Exercise details: Without any of the pictures, set down the data below exactly.
==== Task material
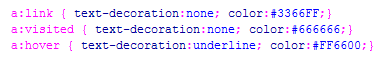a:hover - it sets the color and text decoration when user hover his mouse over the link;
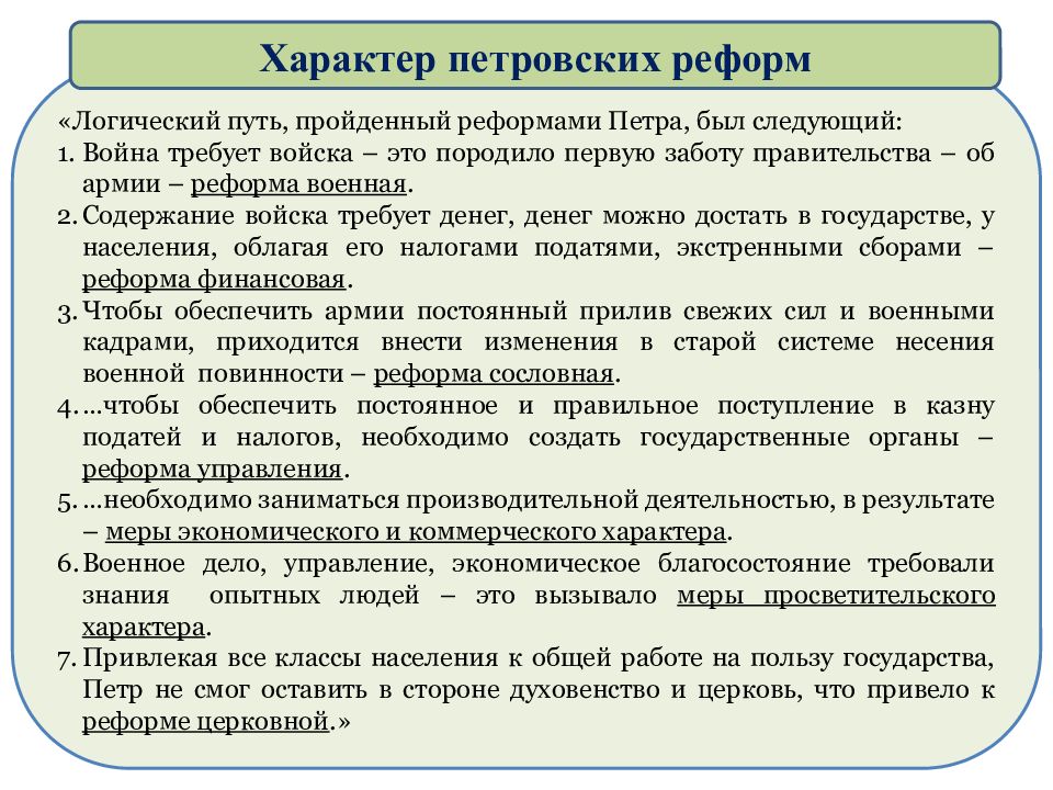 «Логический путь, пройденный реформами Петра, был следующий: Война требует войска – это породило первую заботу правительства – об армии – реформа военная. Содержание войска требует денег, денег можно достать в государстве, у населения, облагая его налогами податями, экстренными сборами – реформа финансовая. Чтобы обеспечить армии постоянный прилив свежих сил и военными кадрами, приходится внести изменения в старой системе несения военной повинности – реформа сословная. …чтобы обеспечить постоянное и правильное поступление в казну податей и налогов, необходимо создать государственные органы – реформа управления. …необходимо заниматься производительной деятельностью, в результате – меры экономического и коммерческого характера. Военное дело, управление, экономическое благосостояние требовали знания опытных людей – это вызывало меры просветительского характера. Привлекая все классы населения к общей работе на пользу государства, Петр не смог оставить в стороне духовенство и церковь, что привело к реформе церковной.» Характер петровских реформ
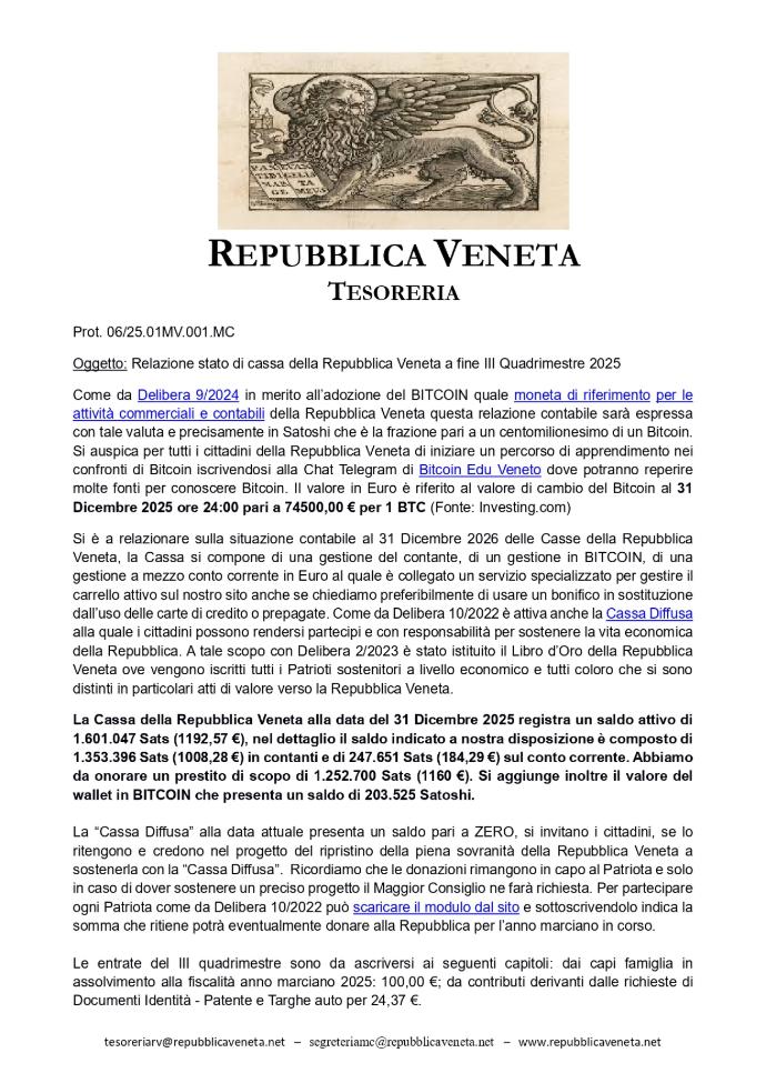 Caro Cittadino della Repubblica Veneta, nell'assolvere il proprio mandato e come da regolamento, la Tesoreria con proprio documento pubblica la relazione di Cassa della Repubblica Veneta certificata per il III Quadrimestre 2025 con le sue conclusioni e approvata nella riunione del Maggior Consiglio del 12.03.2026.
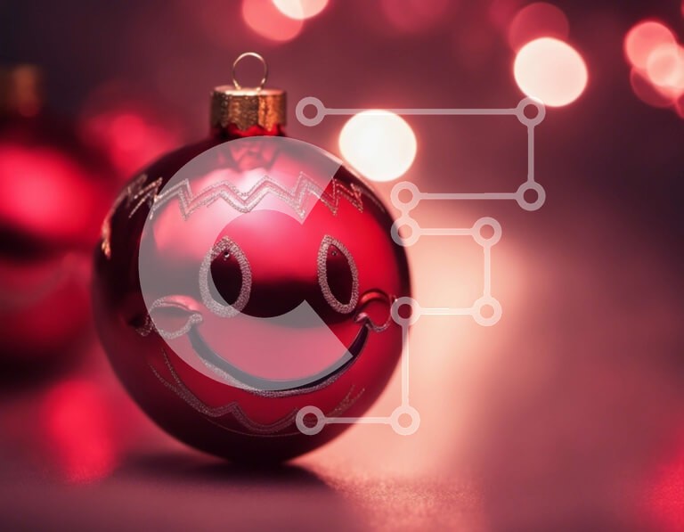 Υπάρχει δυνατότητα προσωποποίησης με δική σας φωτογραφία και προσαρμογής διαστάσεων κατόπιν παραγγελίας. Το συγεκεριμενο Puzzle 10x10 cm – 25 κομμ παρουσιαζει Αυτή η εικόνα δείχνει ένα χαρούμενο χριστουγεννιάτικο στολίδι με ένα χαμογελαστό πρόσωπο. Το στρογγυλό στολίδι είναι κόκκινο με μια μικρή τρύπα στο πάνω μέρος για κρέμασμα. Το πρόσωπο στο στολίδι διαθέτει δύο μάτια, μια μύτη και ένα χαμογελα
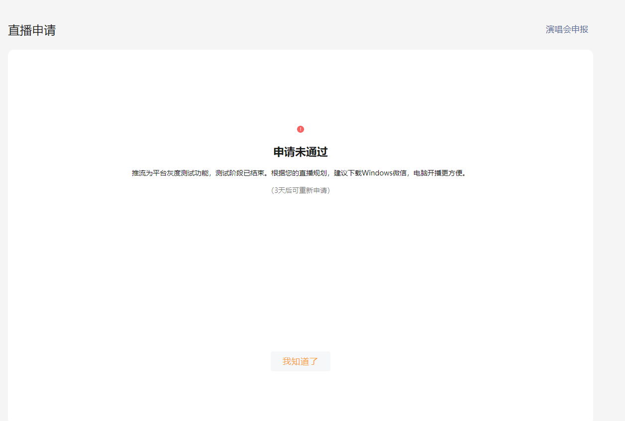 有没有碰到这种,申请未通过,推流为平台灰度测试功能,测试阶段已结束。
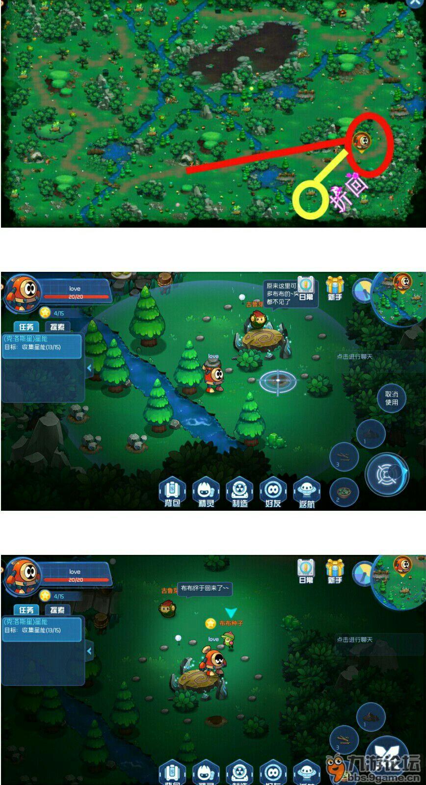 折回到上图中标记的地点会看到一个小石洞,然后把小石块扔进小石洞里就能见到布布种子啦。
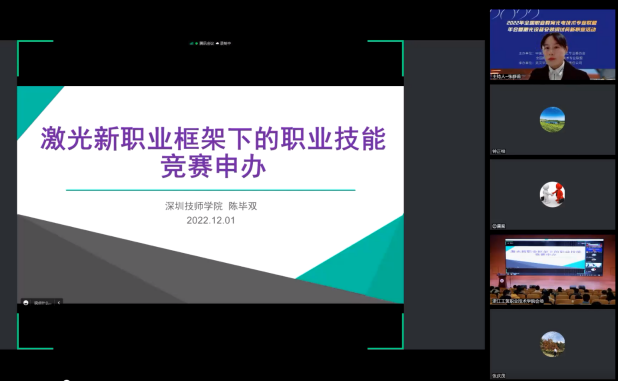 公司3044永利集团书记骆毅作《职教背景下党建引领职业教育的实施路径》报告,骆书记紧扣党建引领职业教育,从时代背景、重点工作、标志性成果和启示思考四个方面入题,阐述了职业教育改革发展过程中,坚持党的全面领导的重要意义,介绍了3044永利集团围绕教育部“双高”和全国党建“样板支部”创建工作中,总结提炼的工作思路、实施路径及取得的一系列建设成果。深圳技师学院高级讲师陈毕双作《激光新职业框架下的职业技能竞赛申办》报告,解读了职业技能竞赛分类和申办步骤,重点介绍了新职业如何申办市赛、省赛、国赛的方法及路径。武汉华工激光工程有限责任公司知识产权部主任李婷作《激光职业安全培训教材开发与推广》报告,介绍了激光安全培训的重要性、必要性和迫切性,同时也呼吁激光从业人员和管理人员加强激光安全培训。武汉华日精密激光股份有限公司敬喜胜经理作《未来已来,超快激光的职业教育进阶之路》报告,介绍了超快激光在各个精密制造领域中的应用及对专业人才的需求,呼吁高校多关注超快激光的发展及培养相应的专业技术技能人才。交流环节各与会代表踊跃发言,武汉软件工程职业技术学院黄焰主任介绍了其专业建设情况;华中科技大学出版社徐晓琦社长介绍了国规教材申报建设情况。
========
Problem solution:
a:hover - it sets the color and text decoration when user hover his mouse over the link;
 «Логический путь, пройденный реформами Петра, был следующий: Война требует войска – это породило первую заботу правительства – об армии – реформа военная. Содержание войска требует денег, денег можно достать в государстве, у населения, облагая его налогами податями, экстренными сборами – реформа финансовая. Чтобы обеспечить армии постоянный прилив свежих сил и военными кадрами, приходится внести изменения в старой системе несения военной повинности – реформа сословная. …чтобы обеспечить постоянное и правильное поступление в казну податей и налогов, необходимо создать государственные органы – реформа управления. …необходимо заниматься производительной деятельностью, в результате – меры экономического и коммерческого характера. Военное дело, управление, экономическое благосостояние требовали знания опытных людей – это вызывало меры просветительского характера. Привлекая все классы населения к общей работе на пользу государства, Петр не смог оставить в стороне духовенство и церковь, что привело к реформе церковной.» Характер петровских реформ
 Caro Cittadino della Repubblica Veneta, nell'assolvere il proprio mandato e come da regolamento, la Tesoreria con proprio documento pubblica la relazione di Cassa della Repubblica Veneta certificata per il III Quadrimestre 2025 con le sue conclusioni e approvata nella riunione del Maggior Consiglio del 12.03.2026.
 Υπάρχει δυνατότητα προσωποποίησης με δική σας φωτογραφία και προσαρμογής διαστάσεων κατόπιν παραγγελίας. Το συγεκεριμενο Puzzle 10x10 cm – 25 κομμ παρουσιαζει Αυτή η εικόνα δείχνει ένα χαρούμενο χριστουγεννιάτικο στολίδι με ένα χαμογελαστό πρόσωπο. Το στρογγυλό στολίδι είναι κόκκινο με μια μικρή τρύπα στο πάνω μέρος για κρέμασμα. Το πρόσωπο στο στολίδι διαθέτει δύο μάτια, μια μύτη και ένα χαμογελα
 有没有碰到这种,申请未通过,推流为平台灰度测试功能,测试阶段已结束。
 折回到上图中标记的地点会看到一个小石洞,然后把小石块扔进小石洞里就能见到布布种子啦。
 公司3044永利集团书记骆毅作《职教背景下党建引领职业教育的实施路径》报告,骆书记紧扣党建引领职业教育,从时代背景、重点工作、标志性成果和启示思考四个方面入题,阐述了职业教育改革发展过程中,坚持党的全面领导的重要意义,介绍了3044永利集团围绕教育部“双高”和全国党建“样板支部”创建工作中,总结提炼的工作思路、实施路径及取得的一系列建设成果。深圳技师学院高级讲师陈毕双作《激光新职业框架下的职业技能竞赛申办》报告,解读了职业技能竞赛分类和申办步骤,重点介绍了新职业如何申办市赛、省赛、国赛的方法及路径。武汉华工激光工程有限责任公司知识产权部主任李婷作《激光职业安全培训教材开发与推广》报告,介绍了激光安全培训的重要性、必要性和迫切性,同时也呼吁激光从业人员和管理人员加强激光安全培训。武汉华日精密激光股份有限公司敬喜胜经理作《未来已来,超快激光的职业教育进阶之路》报告,介绍了超快激光在各个精密制造领域中的应用及对专业人才的需求,呼吁高校多关注超快激光的发展及培养相应的专业技术技能人才。交流环节各与会代表踊跃发言,武汉软件工程职业技术学院黄焰主任介绍了其专业建设情况;华中科技大学出版社徐晓琦社长介绍了国规教材申报建设情况。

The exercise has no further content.